* [RECORDS PROVIDED]
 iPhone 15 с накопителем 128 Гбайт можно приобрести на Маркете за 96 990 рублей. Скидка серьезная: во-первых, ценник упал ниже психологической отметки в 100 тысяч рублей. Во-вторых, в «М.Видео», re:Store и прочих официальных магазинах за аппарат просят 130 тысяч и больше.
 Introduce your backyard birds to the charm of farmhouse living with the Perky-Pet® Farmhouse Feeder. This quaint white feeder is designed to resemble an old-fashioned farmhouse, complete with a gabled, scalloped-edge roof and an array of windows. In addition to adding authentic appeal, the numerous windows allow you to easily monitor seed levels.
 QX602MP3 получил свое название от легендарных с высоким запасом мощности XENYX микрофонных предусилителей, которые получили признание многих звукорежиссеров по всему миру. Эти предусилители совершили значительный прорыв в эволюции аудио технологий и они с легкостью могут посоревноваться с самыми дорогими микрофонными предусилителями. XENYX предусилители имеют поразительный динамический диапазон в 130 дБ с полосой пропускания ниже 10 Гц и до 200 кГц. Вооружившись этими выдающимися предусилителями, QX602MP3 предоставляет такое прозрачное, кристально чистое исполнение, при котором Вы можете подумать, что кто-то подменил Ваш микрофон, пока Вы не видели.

* * *

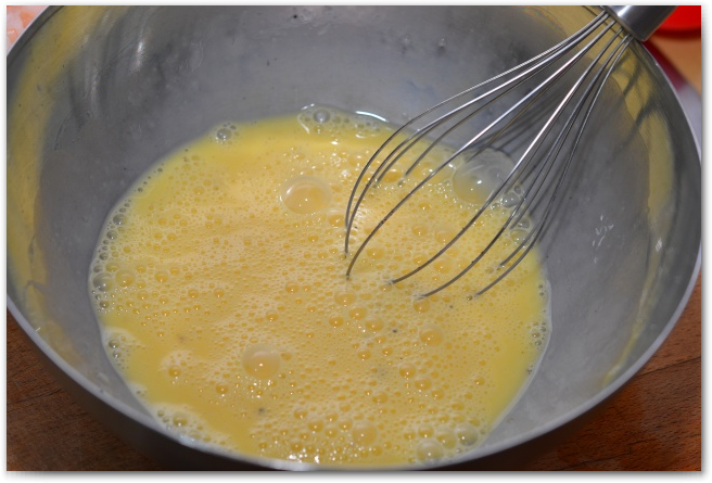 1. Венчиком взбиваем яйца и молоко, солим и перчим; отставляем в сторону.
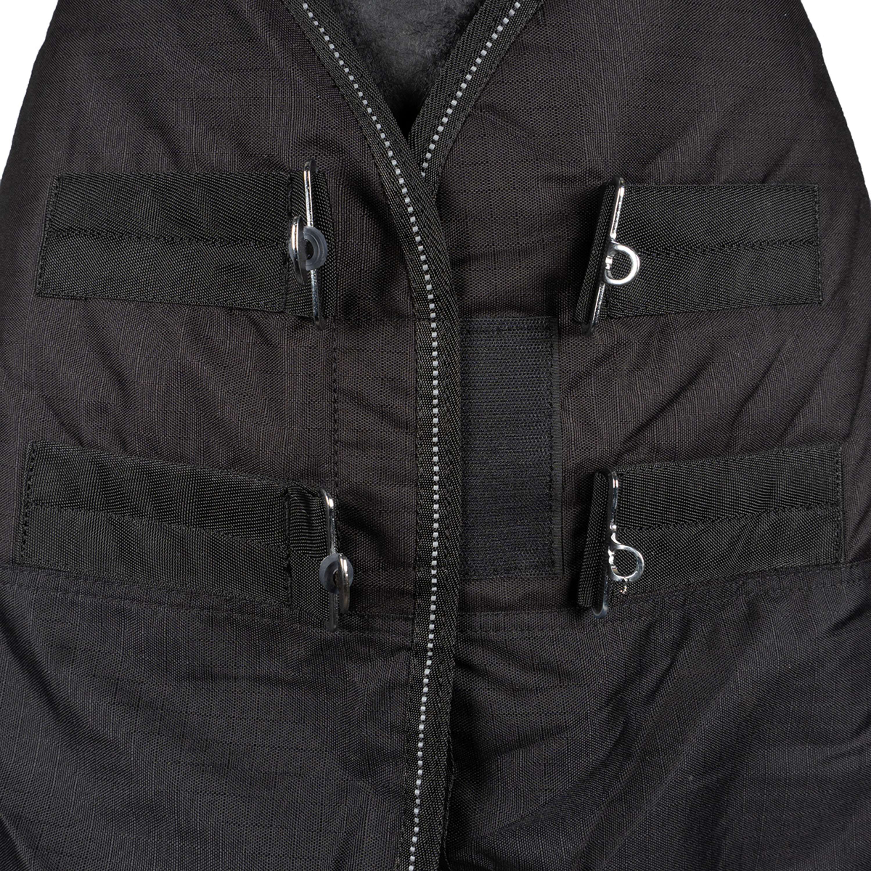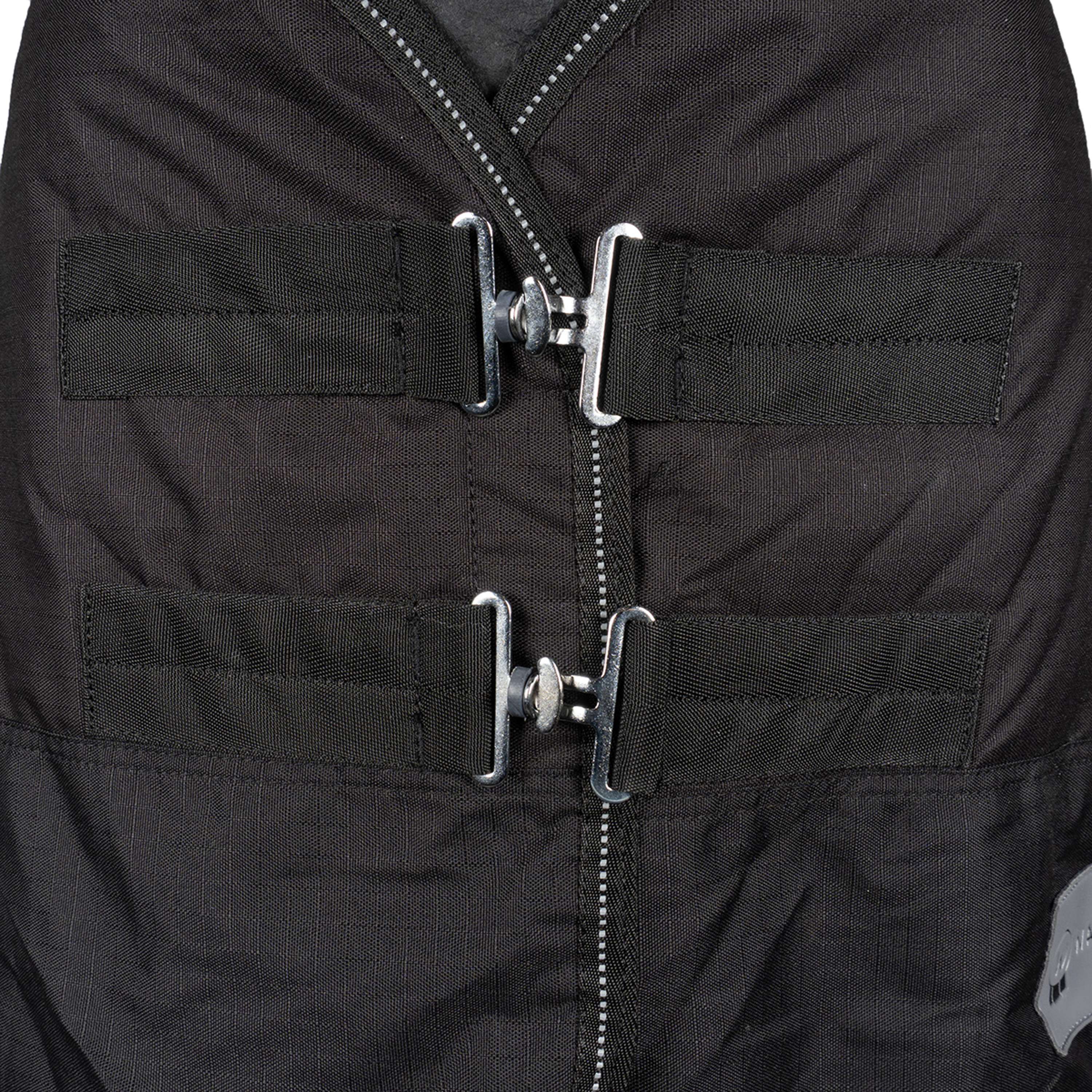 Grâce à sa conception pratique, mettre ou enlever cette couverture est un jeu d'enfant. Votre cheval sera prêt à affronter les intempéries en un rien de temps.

* * *

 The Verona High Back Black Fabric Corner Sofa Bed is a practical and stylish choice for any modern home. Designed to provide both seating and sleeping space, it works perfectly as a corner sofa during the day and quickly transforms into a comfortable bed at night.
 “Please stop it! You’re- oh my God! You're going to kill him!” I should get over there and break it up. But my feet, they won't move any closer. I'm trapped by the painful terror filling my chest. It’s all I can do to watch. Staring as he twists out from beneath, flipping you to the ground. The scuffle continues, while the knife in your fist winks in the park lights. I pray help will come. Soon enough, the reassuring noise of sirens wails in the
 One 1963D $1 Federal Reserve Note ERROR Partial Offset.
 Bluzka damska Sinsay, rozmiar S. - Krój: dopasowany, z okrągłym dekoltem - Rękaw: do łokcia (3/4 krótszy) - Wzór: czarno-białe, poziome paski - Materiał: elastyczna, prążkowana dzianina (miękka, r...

* [EXERCISE PROMPT]
Please copy each line of the records above in which the word "ниже" can be found.

* [RESPONSE AREA]
 iPhone 15 с накопителем 128 Гбайт можно приобрести на Маркете за 96 990 рублей. Скидка серьезная: во-первых, ценник упал ниже психологической отметки в 100 тысяч рублей. Во-вторых, в «М.Видео», re:Store и прочих официальных магазинах за аппарат просят 130 тысяч и больше.
 QX602MP3 получил свое название от легендарных с высоким запасом мощности XENYX микрофонных предусилителей, которые получили признание многих звукорежиссеров по всему миру. Эти предусилители совершили значительный прорыв в эволюции аудио технологий и они с легкостью могут посоревноваться с самыми дорогими микрофонными предусилителями. XENYX предусилители имеют поразительный динамический диапазон в 130 дБ с полосой пропускания ниже 10 Гц и до 200 кГц. Вооружившись этими выдающимися предусилителями, QX602MP3 предоставляет такое прозрачное, кристально чистое исполнение, при котором Вы можете подумать, что кто-то подменил Ваш микрофон, пока Вы не видели.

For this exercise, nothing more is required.